After mergers, banks face software challenge

The Punjab National Bank in January alleged that diamond jeweller Nirav Modi and his relatives had for years fraudulently raised billions of dollars in foreign credit by conspiring with the bank staff | Reuters

Though the bank merger announcement is being termed as means to bring in more efficiency and robustness in the public sector banking systems, integrating different core banking solutions will be a big challenge for the merged banks. Many of the banks are running on different core banking solutions being supplied by various vendors who have different service-level agreements with different banks. A majority of these public sector banks use core banking solutions such as Infosys Finacle, Oracle Financial Services and BaNCS from Tata Consultancy Services, besides other solutions.

Moreover, there are many fintech companies and digital payment systems that are linked differently with different banks through the core banking systems. Integration of these will take time and will involve a great amount of operational integration.

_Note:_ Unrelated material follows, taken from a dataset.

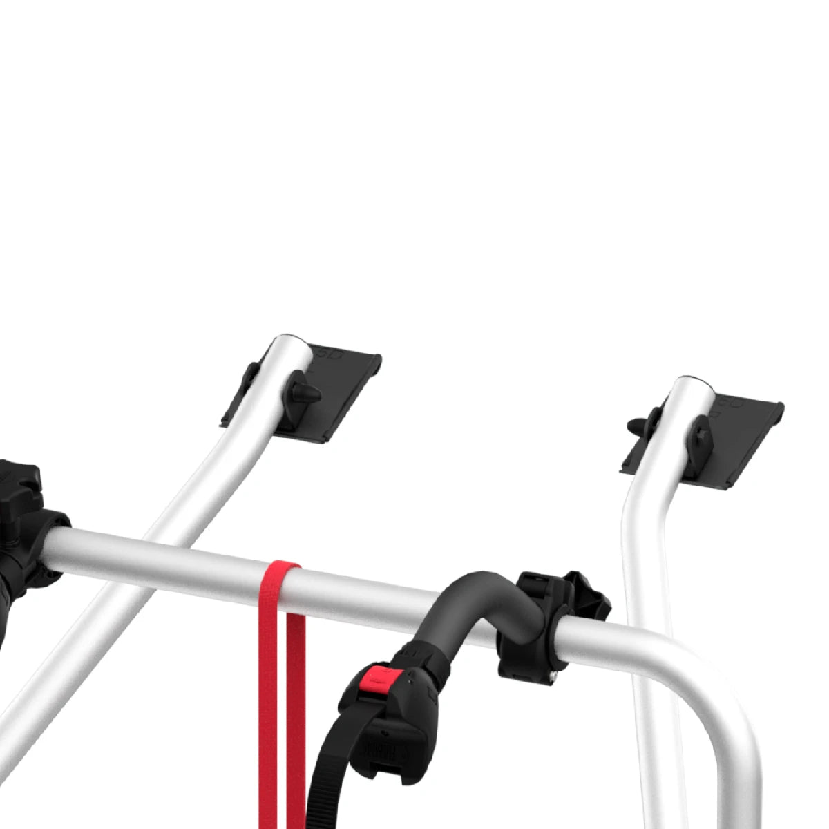 Este suporte para bicicletas é prático, robusto e estável com uma montagem (e desmontagem) fácil. Muito rápido de instalar, não necessita de perfuração na carroçaria e instala-se graças às suas patilhas fornecidas de série.
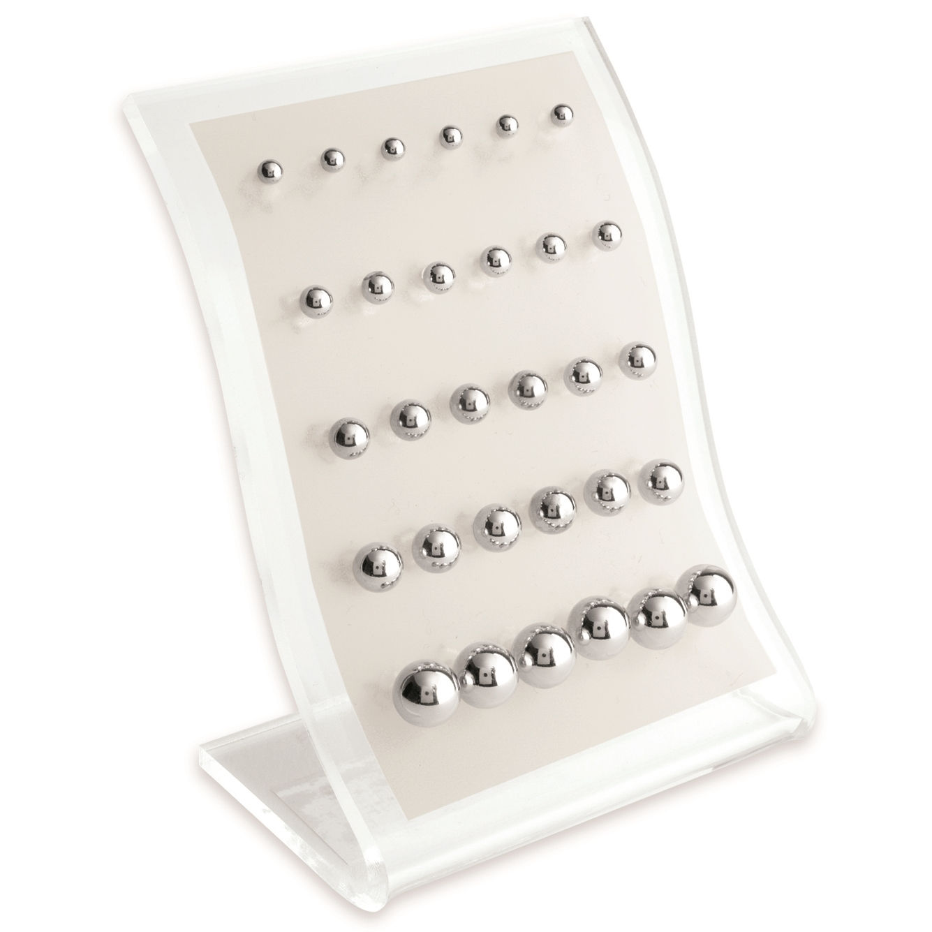 Description Présentoir contenant 15 paires de boucles d'oreilles en argent 925/000 rhodié. Diamètre 3/4/5/6/8 mm [Guide des tailles] Matière(s) Argent 925 rhodié . Afin de protéger votre bijou de l'oxydation naturelle de l'argent, il est recouvert d'une couche de rhodium (un métal rare et précieux) qui garantira sa brillance dans le temps et préviendra les risques d'allergie. Notez cependant, que le bijou est alors d'une teinte plus grisée et moins brillante que l'argent non rhodié. Poids d'argent 14,13 gramme(s) Fermoir Tiges poussettes Couleur(s) dominante(s) Argenté Public Adulte , Enfant . Genre Femme , Fille , Garçon , Homme , Mixte . Saison Indémodable . Cliquez sur une matière, un thème, une couleur ou une collection pour voir tous les articles associés.

For instance, integration process is still going on after the merger of Dena Bank and Vijaya Bank with Bank of Baroda. The amalgamation was officially effective April 1. Software integration is a time-consuming process especially when the banks have different kinds and version of software running across its branches and offices. “Integration was easier for State Bank of India and its associate banks. SBI and its associate banks had shared common ATMs and were governed by a common platform. In case of other banks, integration can be a challenge as many of the systems have different core banking solutions. Many of these software systems are linked to different fintech companies that need to be integrated into the merged entity” said Dr Rajendra K. Sinha, Professor and Chairperson, Centre of Excellence in Banking IFIM, Business School, Bengaluru.

“I feel that given the success of the SBI merger and also the integration of the Bank of Baroda and two other banks (Dena and Vijaya), the government is confident and has gone ahead with the next phase of amalgamation. However technical integration is a time-consuming process and will take time perhaps more than a year. Though the integration will be challenging, in the long run the combined system will prove to be very efficient,” explained Sinha, who has had a long stint with SBI in different senior positions spanning over several decades.

Other industry experts agree with Sinha. “The biggest IT challenge for banks is to integrate the system of record and system of engagement keeping in mind the millions of customers the banks have. The key is to have open source and open stack technologies that help in interoperability; thus extending the platform shelf life of core banking engines and other mission critical platforms,” remarked Sudin Baraokar, advisor, Global IT innovation. “The focus area should be in the risk management models that have to be aligned to emerging themes like financial inclusion and digital payments. From an Indian context, NPAs and stressed assets is a $200-billion problem.”

Data extraction and integration would also prove additional challenges for the merged banks. “In the background of the bank mergers, it is often a challenge when the banks need to carry out data extractions and conversions from the respective core banking systems to a uniform format as prescribed by the software decided by the banks. It often boils down to the strategy that the banks were following before the merger. If the banks belong to the same strategy group, the challenge of consolidation of the data and integration of the processes becomes much easier. For instance, the merger of Canara and Syndicate banks seems to be a better fit in terms of the consolidation of data and integration of the processes as compared to SBI with its associate banks,” explained Kartikeya Bolar, Associate Professor and Co Chair– Operations and Information Science Area, TAPMI in Manipal.

The Centre on Friday announced four mega banking mergers in the public sector. While Punjab National Bank, Oriental Bank of Commerce and United Bank, Canara Bank will be amalgamated with Syndicate Bank. The Centre also announced the merger of Union Bank, Andhra Bank and Corporation Bank, and Indian Bank and Allahabad Bank.